Roly Russell
2004-Feb-04 15:47 UTC
[R] Fitting nonlinear (quantile) models to linear data.
Hello. I am trying to fit an asymptotic relationship (nonlinear) to some ecological data, and am having problems. I am interested in the upper bound on the data (i.e. if there is an upper limit to 'y' across a range of 'x'). As such, I am using the nonlinear quantile regression package (nlrq) to fit a michaelis mention type model. The errors I get (which are dependant on the quantile of interest and the particular dataset) tend to result in illogical regression results with the nlqr package. To test this, I created artificial datasets that were based on underlying asymptotic or linear data. When tested with a nonlinear model, the linear data produces an error (step factor reduced below 'midFactor'--a problem dealt with previously on this list). This script is below, for interest.

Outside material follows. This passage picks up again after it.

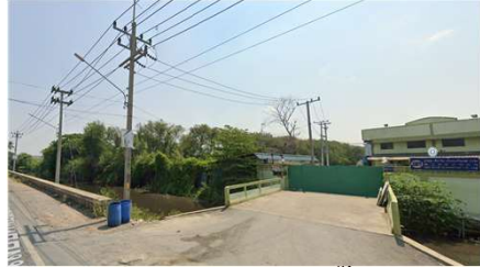
(หัวเสา DDE วงจรบน) DIS.ชั่วคราว

ตั้งแต่ สี่แยกโรงเรียนบ้านแครายเกษตรพันธุ์พิทยาคาร จนถึง หน้า บริษัท เซ็ยะ จี้อ เอ็นเตอร์ไพรส์ จำกัด เพื่อให้ชุดงาน ผกส.กฟส.กทบ. ปฏิบัติงาน ปักเสาไฟ คอร. หน้าพื้นที่ก่อสร้าง สฟฟ.กระทุ่มแบน 6 วันที่ปฏิบัติงาน คือ วันอาทิตย์ที่ 14 ก.ค. 2567 เวลา 8.30 - 17.00 น.

My question is whether this is a problem that I should deal with through fixing my script somehow, or whether fitting a nonlinear model to data that may have an underlying linear pattern is inherently statistically wrong (I thought that I could use the estimate of the asymptote as a metric of how linear versus asymptotic the data were). Many thanks, in advance. roly russell - oregon state university PS - I have not consulted Bates & Watts yet; I will. # build artificial data with multiplicative error Dat <- NULL; Dat$x <- rep(seq(1,25,by=3), 5) set.seed(1) Dat$y <- SSmicmen(Dat$x, 50, 12)*rnorm(45, 1, 0.1) plot(Dat) # fit a classical least-square regression Dat.nls <- nls(y ~ SSmicmen(x, Vmax, Km), data=Dat); Dat.nls lines(1:25, predict(Dat.nls, newdata=list(x=1:25)), col=1) # the 1st and 3rd quartiles regressions Dat.nlrq <- nlrq(y ~ SSmicmen(x, Asym, mid), data=Dat, tau=0.25, trace=TRUE) lines(1:25, predict(Dat.nlrq, newdata=list(x=1:25)), col=3) Dat.nlrq <- nlrq(y ~ SSmicmen(x, Asym, mid), data=Dat, tau=0.75, trace=TRUE) lines(1:25, predict(Dat.nlrq, newdata=list(x=1:25)), col=3) # build artificial LINEAR data with multiplicative error Dat <- NULL; Dat$x <- rep(1:25, 2) set.seed(1) Dat$y <- (Dat$x)*rnorm(50, 1, 0.1) plot(Dat) # fit first a classical least-square regression Dat.nls <- nls(y ~ SSmicmen(x, Vmax, Km), data=Dat,control=nls.control(minFactor=1/4096)); Dat.nls lines(1:25, predict(Dat.nls, newdata=list(x=1:25)), col=1)
Brian S Cade
2004-Feb-04 19:54 UTC
[R] Fitting nonlinear (quantile) models to linear data.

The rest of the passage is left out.